More than a decade after he was fatally shot in Kansas City, Mac Dre is still an influence. Recently, Sage started posting Photoshop art featuring the rapper on Instagram, where it was reposted by Thizz Entertainment, the label Dre founded that helped launch the careers of Mistah F.A.B and Keak da Sneak.
Sage quickly noticed that he wasn’t the only one creating Mac Dre-inspired art. Thizz’s Instagram is filled with depictions of Dre: his thizz face adorning a snowboard, drawn as “Macio Andretti” and the subject of countless tattoos. Sage realized that there was a ton of material, enough to warrant an art show.
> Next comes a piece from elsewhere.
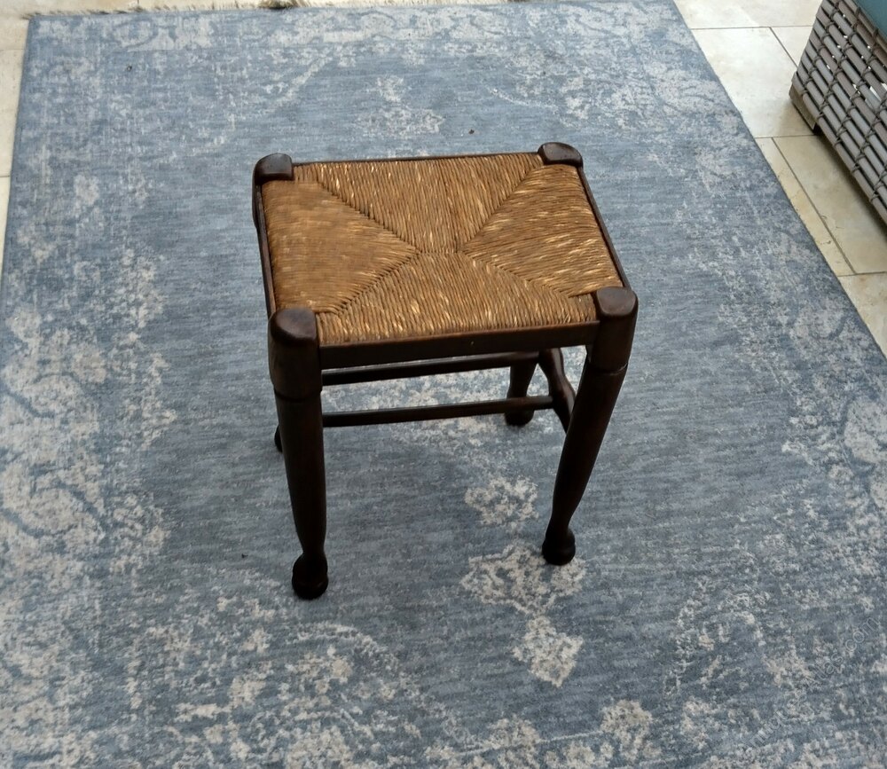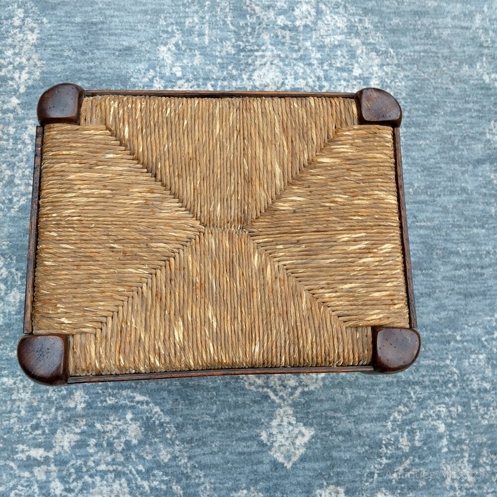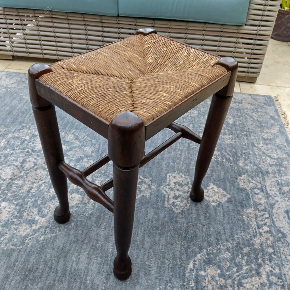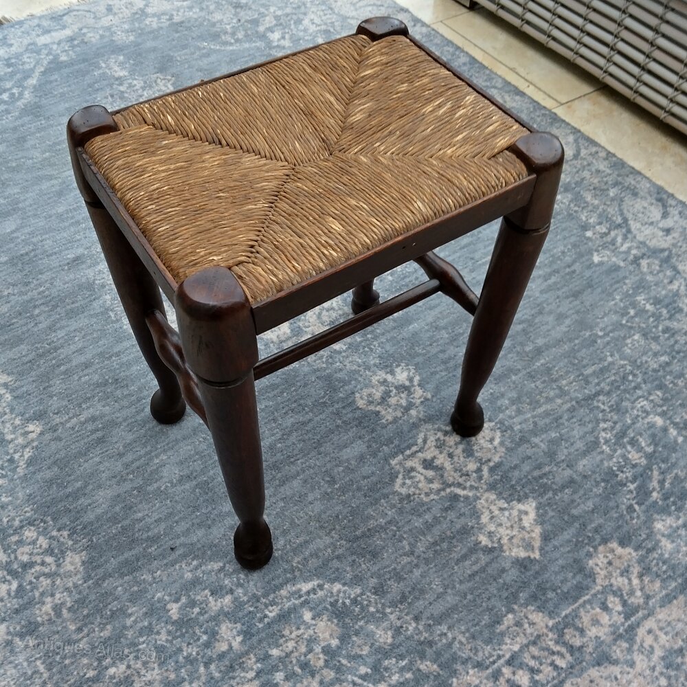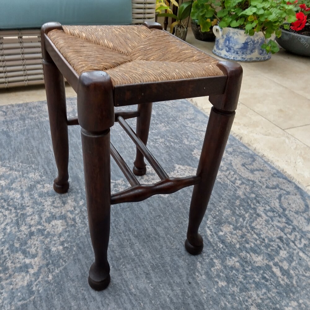 A pair of stools in Oak with rush seats. One is in almost perfect condition the other does have some rubbing on the rush but minor. They are both sold and have tidy wood condition. They have the twin turned support stretchers and the pad feet. We have a single one listed for £130 but the pair can be a highly competitive £200 for both. Pairs normally command a premium of course.

With Thizz’s blessing, he started talking to artists and gathering pieces for the April 25 show in downtown Oakland, where a portion of the show’s $5 entrance fee will go to Dre’s family. Pieces include several canvas portraits, electrical art, and a barber who will shave a portrait of Dre into someone’s head. With Thizz’s promotion and Dre’s enduring popularity, the show quickly filled up.
“Mac Dre was there for me,” said Alameda artist Rebel Stilskin, who’s working on a large piece depicting Dre in space, incorporating imagery of the Hindu deity Ganesha. “I’d look to his songs, and he’s been through a lot of different things and he was just talking to me like a father. I really looked up to him.”
For Sage, that kind of formative impact Dre had on Bay Area youth is why he remains such an important figure, one that still looms large in the Bay Area musical landscape, deserving of an art show more than 10 years after his death.
“I have two heroes, Mac Dre [and] Nikola Tesla. Tesla is my hero because he tuned out everything else and changed the world with his drive to do the thing he wanted to do, which was create technology that bettered the world,” Sage said. “Mac Dre is my hero because just by Mac Dre being himself, having the personality he had, doing the thing that he liked to do, he transformed a whole generation. He created a whole era of Bay Area youth culture, just around his personality.”